Repeat the data word for word and skip the pictures.

> **Stored data**
++++

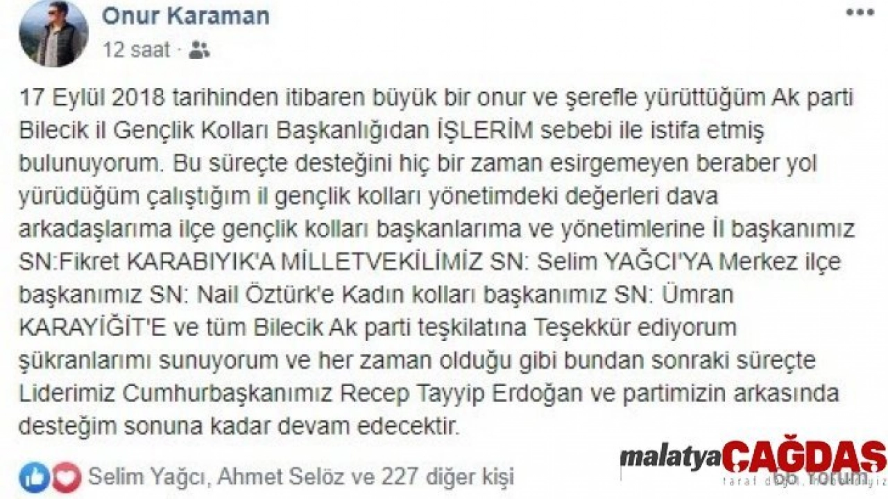 AK Parti Bilecik Gençlik Kolları Başkanı Onur Karaman, görevinden istifa ettiğini duyurdu.
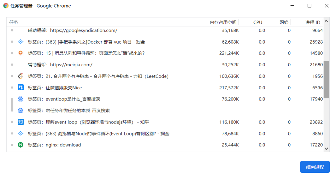 以 Chrome 来说,我们可以通过 Chrome 的任务管理器来看看。
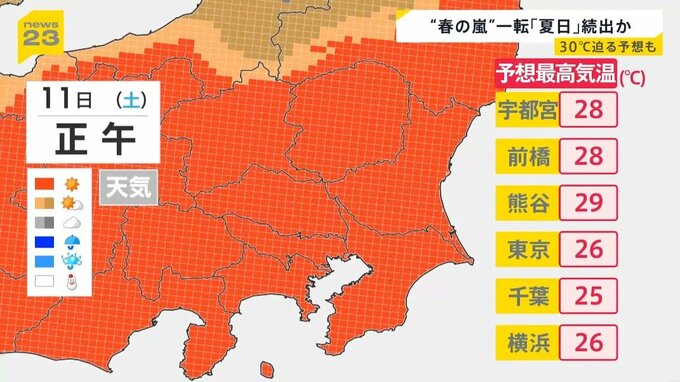 関東地方では気温が一気に上昇。最高気温は、東京で26度と今年初めての「夏日」となる見込みのほか、埼玉の熊谷では29度と、7月上旬並みの暑さが予想されています。

++++

> **Task result**
 AK Parti Bilecik Gençlik Kolları Başkanı Onur Karaman, görevinden istifa ettiğini duyurdu.
 以 Chrome 来说,我们可以通过 Chrome 的任务管理器来看看。
 関東地方では気温が一気に上昇。最高気温は、東京で26度と今年初めての「夏日」となる見込みのほか、埼玉の熊谷では29度と、7月上旬並みの暑さが予想されています。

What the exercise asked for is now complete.